YOUR GOAL —
Below are records with pictures. Reproduce exactly the lines from the line with "Die neueste Entwicklung" to the line with "in case C:XF", inclusive, and leave each picture out.

─── PROVIDED ENTRIES

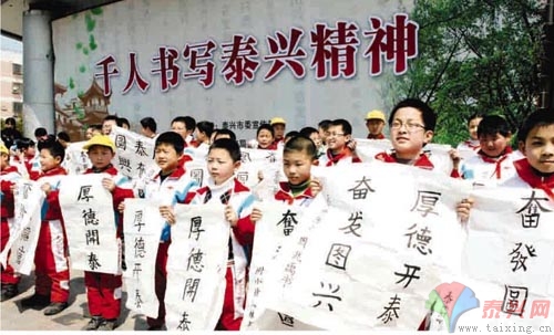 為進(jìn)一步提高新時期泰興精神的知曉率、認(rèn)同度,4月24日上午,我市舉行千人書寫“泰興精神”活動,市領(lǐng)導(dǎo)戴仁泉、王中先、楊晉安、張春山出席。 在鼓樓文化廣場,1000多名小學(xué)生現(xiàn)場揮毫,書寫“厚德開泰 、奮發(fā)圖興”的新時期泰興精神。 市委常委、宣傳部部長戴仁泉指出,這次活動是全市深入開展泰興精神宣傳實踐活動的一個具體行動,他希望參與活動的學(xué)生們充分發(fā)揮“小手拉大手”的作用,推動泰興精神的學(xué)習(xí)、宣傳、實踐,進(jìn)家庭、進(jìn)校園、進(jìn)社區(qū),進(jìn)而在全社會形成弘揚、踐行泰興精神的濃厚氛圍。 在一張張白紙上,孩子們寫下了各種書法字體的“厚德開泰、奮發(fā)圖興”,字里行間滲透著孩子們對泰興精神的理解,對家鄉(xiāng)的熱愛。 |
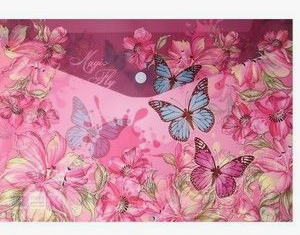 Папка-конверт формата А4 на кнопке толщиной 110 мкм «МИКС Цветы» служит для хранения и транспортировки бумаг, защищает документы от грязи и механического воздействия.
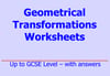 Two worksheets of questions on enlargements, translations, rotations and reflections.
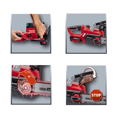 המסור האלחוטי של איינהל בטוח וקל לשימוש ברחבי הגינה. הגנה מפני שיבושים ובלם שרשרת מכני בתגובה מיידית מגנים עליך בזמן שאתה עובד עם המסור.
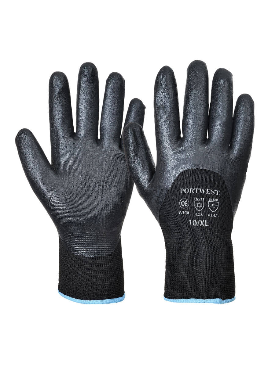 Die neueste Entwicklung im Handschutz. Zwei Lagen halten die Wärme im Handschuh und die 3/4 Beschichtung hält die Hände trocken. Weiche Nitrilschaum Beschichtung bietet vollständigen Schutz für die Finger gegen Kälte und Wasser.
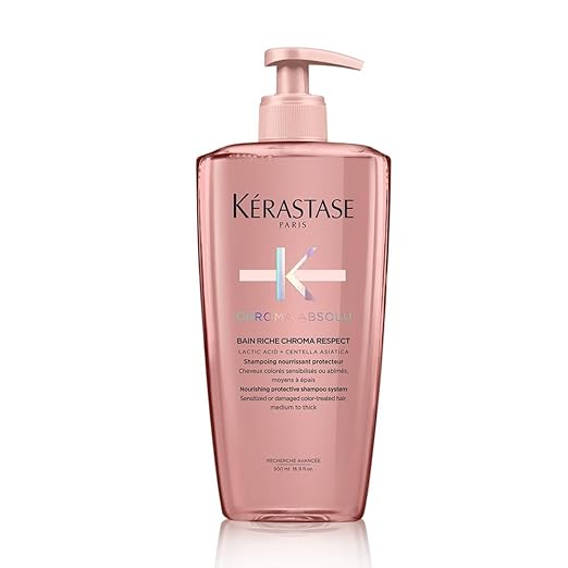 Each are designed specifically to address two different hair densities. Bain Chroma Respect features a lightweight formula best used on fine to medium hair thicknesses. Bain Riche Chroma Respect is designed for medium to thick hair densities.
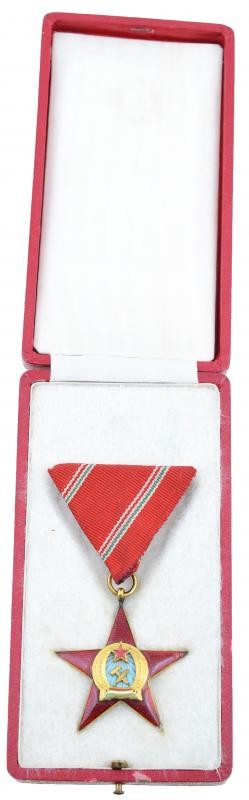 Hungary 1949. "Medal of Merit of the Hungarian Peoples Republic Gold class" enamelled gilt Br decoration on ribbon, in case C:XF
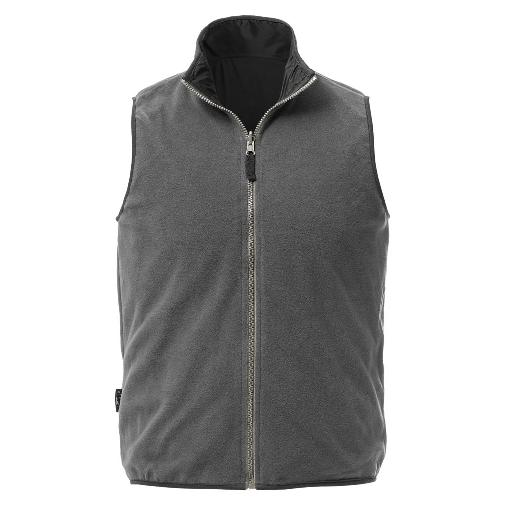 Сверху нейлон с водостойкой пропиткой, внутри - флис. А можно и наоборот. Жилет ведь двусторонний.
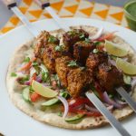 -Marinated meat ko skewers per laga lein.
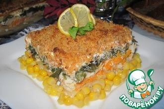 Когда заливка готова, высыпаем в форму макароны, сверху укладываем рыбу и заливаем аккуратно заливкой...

──────
─── PROVIDED ENTRIES

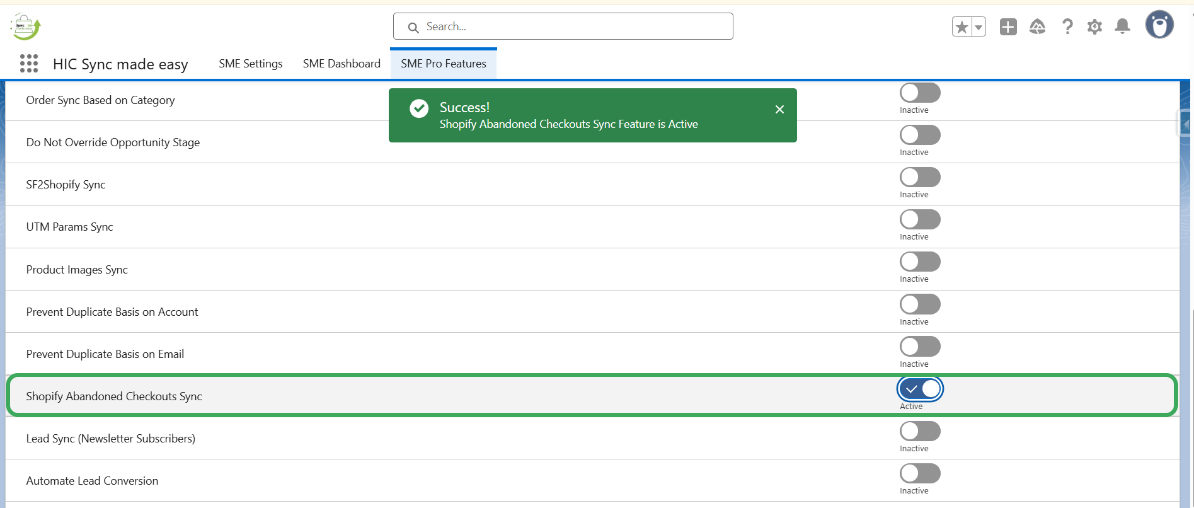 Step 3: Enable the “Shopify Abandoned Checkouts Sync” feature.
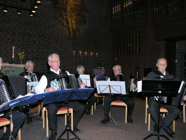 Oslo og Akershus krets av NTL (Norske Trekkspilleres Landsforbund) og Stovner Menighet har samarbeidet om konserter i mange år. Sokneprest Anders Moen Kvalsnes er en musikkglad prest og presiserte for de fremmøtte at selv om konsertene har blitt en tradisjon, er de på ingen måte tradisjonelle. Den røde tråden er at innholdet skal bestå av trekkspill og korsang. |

──────

SOLUTION FOR THIS PROBLEM —
 Die neueste Entwicklung im Handschutz. Zwei Lagen halten die Wärme im Handschuh und die 3/4 Beschichtung hält die Hände trocken. Weiche Nitrilschaum Beschichtung bietet vollständigen Schutz für die Finger gegen Kälte und Wasser.
 Each are designed specifically to address two different hair densities. Bain Chroma Respect features a lightweight formula best used on fine to medium hair thicknesses. Bain Riche Chroma Respect is designed for medium to thick hair densities.
 Hungary 1949. "Medal of Merit of the Hungarian Peoples Republic Gold class" enamelled gilt Br decoration on ribbon, in case C:XF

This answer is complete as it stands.